2 quick examples I can give are 2 seperate steam accounts. One is on a compressed drive, one is uncompressed and both are NTFS

The uncompressed steam folder occupies 102% disk space of its actual file size
The compressed folder occupied 76% disk space of the actual file size.

What part in the decompression process will discount the advantages of 26% less data to physically be read from the disk.

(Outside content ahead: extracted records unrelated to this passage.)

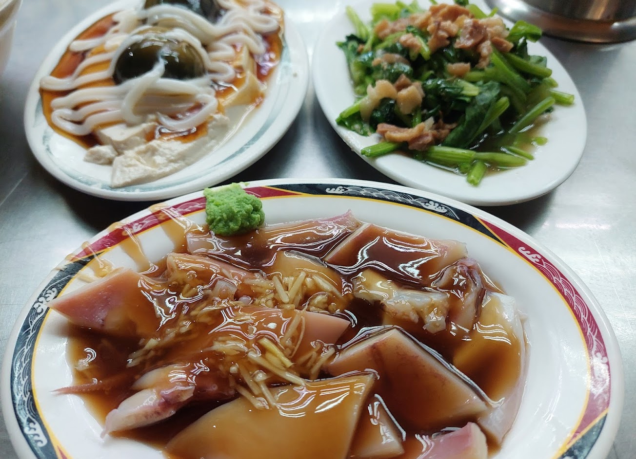 到夜市怎麼能不吃點好料,簡單的雞肉飯,魷魚,湯青菜,皮蛋豆腐,一整個大滿足!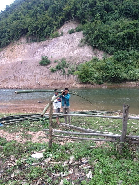 Die Bambusstangen sind heute Nacht geliefert worden und die Jungs schleppen sie an die Straße als Baumaterial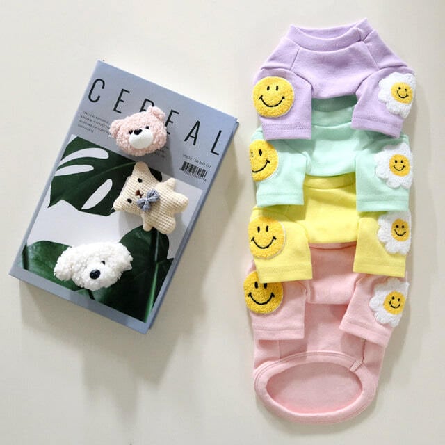 【 予約 】smile patch pop tee 4colors ꕤ.。 韓国犬服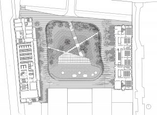 The co-existence of different uses, namely the proximity between the future premises of Paris 1, the military accommodation and the rooms for students taking preparatory classes make the square something of a challenge: a place where flows both converge and separate, it must make it possible to preserve the overall sense of the site while avoiding any undesirable confrontations between users.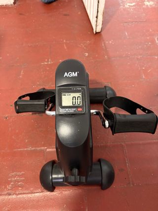 Mini bicicleta estática de la marca AGM, ideal para ejercitar piernas y brazos. - Pantalla digital con funciones de tiempo, distancia, conteo y calorías. - Pedales con correas ajustables. - Diseño compacto y portátil.
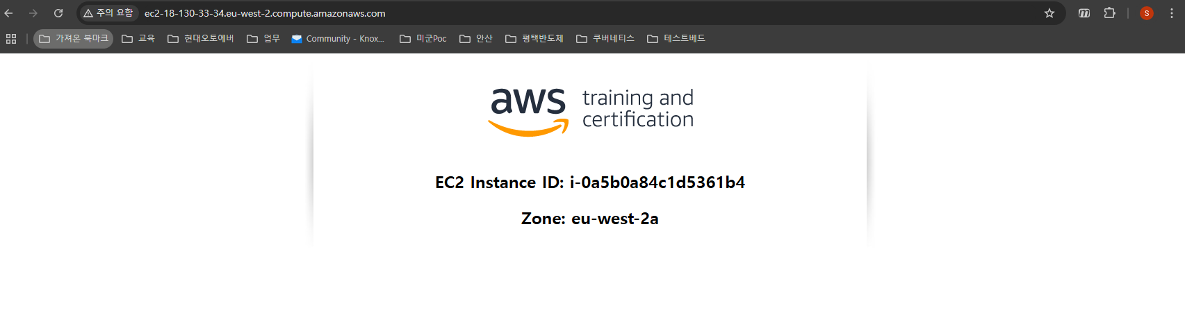 Amazon EC2 인스턴스에서 호스트되는 웹 페이지가 표시됩니다. 이 페이지에는 인스턴스 ID와 Amazon EC2 인스턴스가 있는 AWS 가용 영역이 표시됩니다.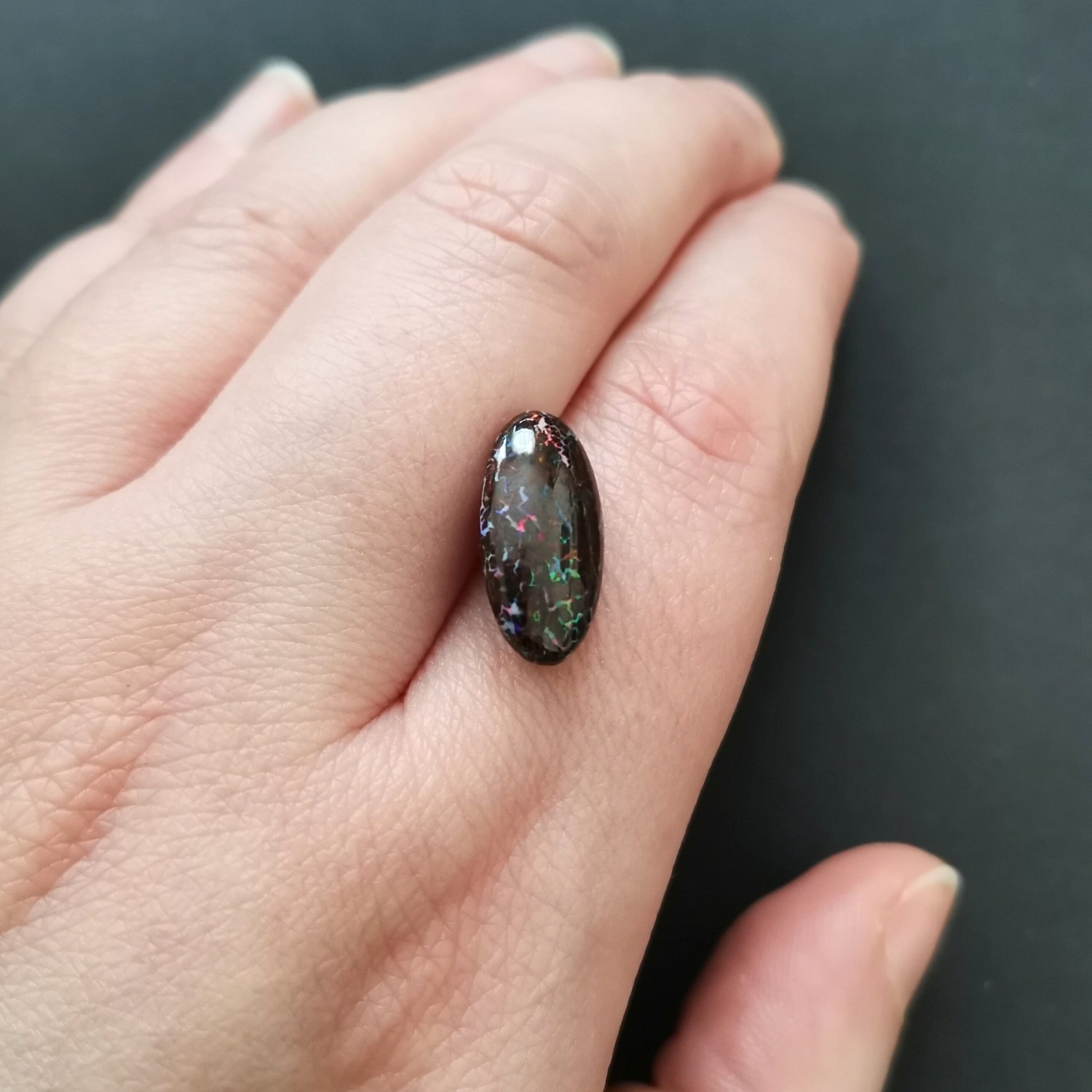 This loose, pre-owned freeform boulder opal, in an excellent condition, is ideal for a one-of-a-kind jewellery make with a sustainable edge.

Fragmentation of the file structure would matter more either way I think. I dont use permanent anti virus scanning though
 
It's an interesting debate, it is faster to read 100MB of data from the hard disk or is it faster to read 50MB of compressed data from the hard disk and decompress it on the CPU. I'd like to see some benchmarks, although the majority of the data I'd consider compressing is already in highly compressed formats such as MP3, JPEG and H.264.
 
Windows does not attempt to compress its swapfile. There might be some sense to avoiding compression of .dll files though Im not certain why. I uncompressed the dllcache and a couple of other directories as a token gesture :p I could uncompress the windows directory and it'd take another 800mb in gratitude.

Its fast enough for me and the fact I would miss that 800mb and right now probably need to defrag the files is more important

It needs some tedious testing of two separate but identical drives I think

Massive hard drive + regular defrag > compression
 
Why not just get another hard drive :p I got a 200gb hard drive for just games, and then have everything else on another hard drive. Makes sense to me at least :)
 
That all depends and 500GB is nothing. My films come to over 500GB on there own and I've hardly transferred any on. Music 80GB and games only about 10GB. But it will be different for everyone and only you know how much of each you have.